"No, sir."
"And the mark on the top of her head was made by the boat, just as you said?"
"Yes, sir."
"But the others you think you might have made with the camera?"
"Yes, sir. I suppose they were."
"Well, then, this is the way it looks to me," said Jephson, again turning to Belknap. "I think we can safely say when the time comes that those marks were never made by him at all, see?—but by the hooks and the poles with which they were scraping around up there when they were trying to find her. We can try it, anyhow. And if the hooks and poles didn't do it," he added, a little grimly and dryly, "certainly hauling her body from that lake to that railroad station and from there to here on the train might have."
"Yes, I think Mason would have a hard time proving that they weren't made that way," replied Belknap.
"And as for that tripod, well, we'd better exhume the body and make our own measurements, and measure the thickness of the edge of that boat, so that it may not be so easy for Mason to make any use of the tripod now that he has it, after all."

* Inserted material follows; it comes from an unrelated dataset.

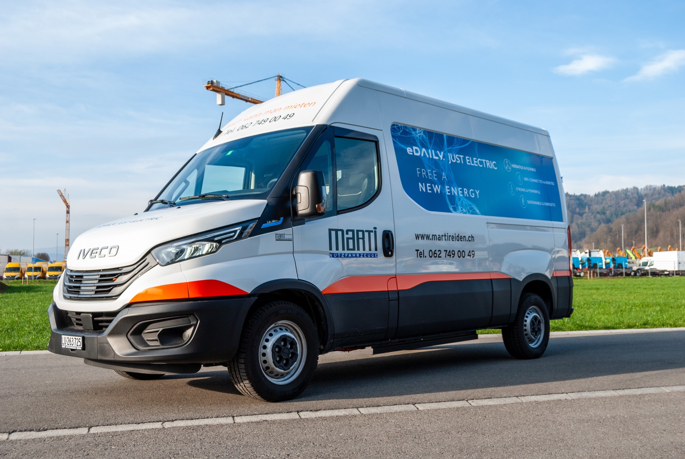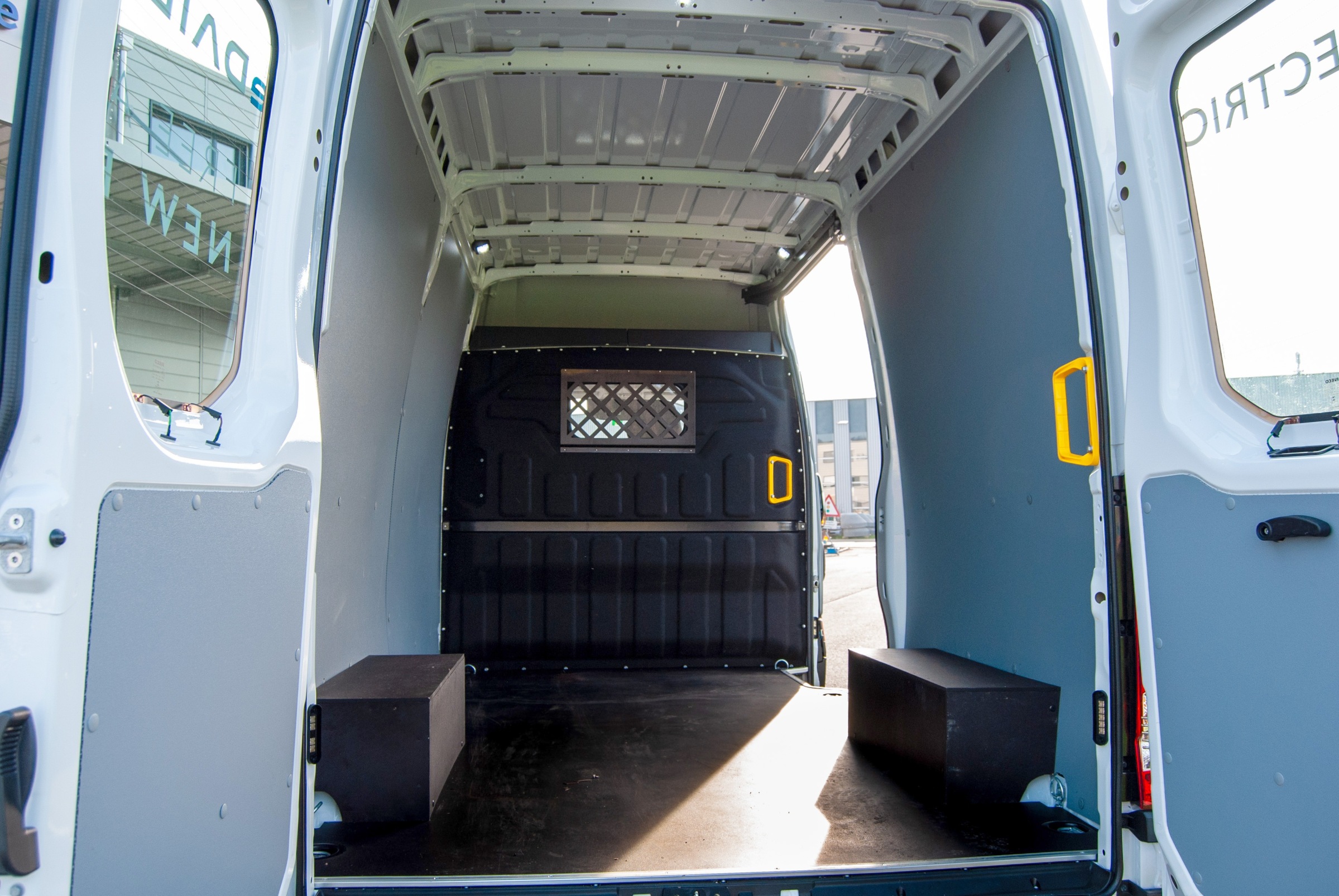 Kastenwagen mit Elektroantrieb; Radstand 3520 mm, Hochdach H2, 140 KW, Reichweite ca. 200 Kilometer.

Mr. Jephson's eyes were very small and very clear and very blue, as he said this. His head, as well as his body, had a thin, ferrety look. And it seemed to Clyde, who had been observing and listening to all this with awe, that this younger man might be the one to aid him. He was so shrewd and practical, so very direct and chill and indifferent, and yet confidence-inspiring, quite like an uncontrollable machine of a kind which generates power.
And when at last these two were ready to go, he was sorry. For with them near him, planning and plotting in regard to himself, he felt so much safer, stronger, more hopeful, more certain of being free, maybe, at some future date.